Por todo o exposto, e o mais que o ilustrado juízo desse Venerando Tribunal suprirá, deve o presente recurso de revista ser admitido, devendo ser julgado procedente, revogando-se o acórdão recorrido, nesta parte, assim se cumprindo com o DIREITO e a JUSTIÇA!

2. A recorrida contra-alegou tendo concluído do seguinte modo:
A) Foi o presente recurso interposto pelo Recorrente, por entender que se encontram preenchidos os requisitos exigidos pelo art. 150.° do CPTA o qual dispõe que: “das decisões proferidas em segunda instância pelo Tribunal Central Administrativo pode haver, excepcionalmente, revista para o Supremo Tribunal Administrativo quando esteja em causa a apreciação de uma questão que, pela sua importância jurídica ou social, se revista de importância fundamental ou quando a admissão do recurso seja claramente necessária para uma melhor aplicação do direito".
B) A Recorrente coloca em causa as seguintes questões:
i) Saber se o procedimento de prova do preço efectivo instaurado nos termos do disposto no artigo 13.º do Código do IRC é um procedimento legalmente equiparado ao procedimento De revisão da matéria colectável fixada através de métodos indirectos previsto nos artigos 91.º e 92.º da LGT;
ii) Saber se a decisão de indeferimento do pedido de prova do preço efectivo apresentada nos termos do artigo 139.º do Código do IRC é um ato não impugnável, conforme propugna o Tribunal a quo, ou se integra o conceito de atos impugnáveis constante do artigo 54º do CPPT.

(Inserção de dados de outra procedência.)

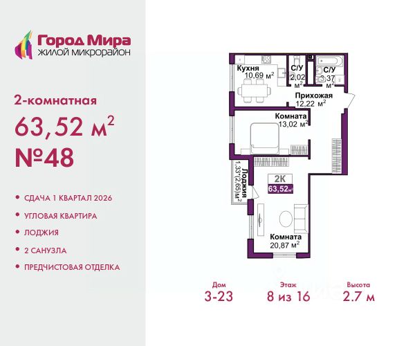 Продаётся 2-комнатная квартира в строящемся доме (Дом 2), срок сдачи: II-кв. 2026, общей площадью 67.3 кв.м., на 2 этаже. ЖК Поэма - это территория вдохновения и творческих идей Здесь Вы ощутите внутреннюю свободу, простор для новых планов и реализации возможностей, став автором своей собственной поэмы. Объект комфорт-класса великолепно расположен в центре Симферополя на улице Трубаченко. Два монолитно-каркасных дома возводятся в сдержанном, изысканном стиле, сочетая в себе эстетику и надёжность. Большие площади остекления подчёркивают современную архитектуру здания. Собственная крышная котельная и актуальные технические решения обеспечат будущим собственникам исключительный комфорт. Территория дома благоустроена по самым актуальным стандартам: закрытый двор видеодомофоны с функцией распознавания лиц помещение для размещения консьерж-сервиса, который позаботится о комфорте, безопасности проживающих, уюте и чистоте ландшафтное озеленение с редкими видами растений и системой автополива детская площадка с инновационным оборудованием современный воркаут и зона для занятий йогой lounge - зона с гамаками холлы с ремонтом по индивидуальному дизайнерскому проекту места для стоянки велосипедов и колясок (во дворе) система видеонаблюдения выделенная зона для парковки транспортных средств площадью более 2200 кв. м. с возможностью выезда на ул. Трубаченко и ул. Крымских Партизан. В жилом комплексе Поэма Вы сможете наслаждаться потрясающими видами на город, живописными рассветами и незабываемыми закатами прямо из окна своей квартиры. Локация объекта привлекает также и развитой инфраструктурой. Это район с транспортной доступностью по всем направлениям. Поблизости расположены супермаркеты, торговые центры, банки, детские сады и школы, спортивный клуб, аптеки, химчистка, кафе и рестораны. В нескольких минутах ходьбы парк им. Шевченко - один из старейших в Симферополе. Это любимое место отдыха для многих поколений, где приятно проводить время в гармонии с природой. Жилой комплекс Поэма - свободный ритм, достижимая высота. Купить 2-комнатную квартиру с отделкой в Симферополе.

C) Em causa está a decisão recorrida que julgou inimpugnável o acto posto em crise no âmbito da presente acção administrativa especial relacionada com o despacho, por delegação, do Chefe do Serviço de Apoio às Comissões de Revisão (SACR), da Direcção de Finanças do Porto (...), o qual determinou o indeferimento do requerimento de prova do preço efectivo na transmissão de imóveis, apresentado pelo ora Autor, em 05.01.2012, nos termos do disposto no artigo 139.° do Código do IRC, com referência à alienação do prédio urbano sito na freguesia de São Jorge de Arroios, concelho de Lisboa, inscrito na matriz predial urbana sob o artigo 1949, fracções A, B, C, D, E, F, G, H, I, J, K, L, M, N, O, P, Q, R, S e T, absolvendo a entidade demandada da instância, ou seja, analisar, se a decisão proferida no procedimento previsto no art. 139.° do CIRC é susceptível de impugnação contenciosa autónoma.
D) O Acórdão recorrido considerou: “(…) importa ter presente o exposto no Ac. do STA de 06-02-2013, Proc. N.° 0989/12, www.dgsi.pt. onde se ponderou que: “... Salvo o devido respeito, toda a tese da Recorrente assenta num equívoco, qual seja o de que a decisão proferida no final do procedimento previsto no art. 129.º do CIRC é susceptível de impugnação judicial autónoma.” E prossegue: “...o regime do art. 129.º do CIRC (hoje 139°) permite ao sujeito passivo de IRC a prova de que o preço efectivamente praticado nas transmissões de direitos reais sobre imóveis foi inferior ao VPT, obviando assim à aplicação do disposto no art. 58.º-A, nº 2, do IRC (...) sendo que de acordo com o disposto no n.° 7 do art. 129.° do CIRC, esse procedimento de prova do preço efectivo constitui condição de impugnabilidade da liquidação que resultar das correcções efectuadas ao abrigo do art. 58.°-A do CIRC (...) e atento do disposto no n.° 5 do art. 129.° do CIRC, a esse procedimento são aplicáveis, com as devidas adaptações, as regras dos arts. 91.°, 92.° e 86.°, n.° 4 da LGT, o que significa, designadamente, que da decisão final aí proferida não cabe impugnação judicial autónoma, o que quer dizer que se impõe acompanhar a parte final da decisão recorrida quando aponta que o acto impugnado não é directamente impugnável, sem prejuízo de os vícios de que eventualmente enferme poderem oportunamente ser arguidos na impugnação contenciosa da liquidação, sendo que, em função de tudo o que entretanto ficou exposto, não existe qualquer situação de inconstitucionalidade nos termos reclamados pelo Recorrente.”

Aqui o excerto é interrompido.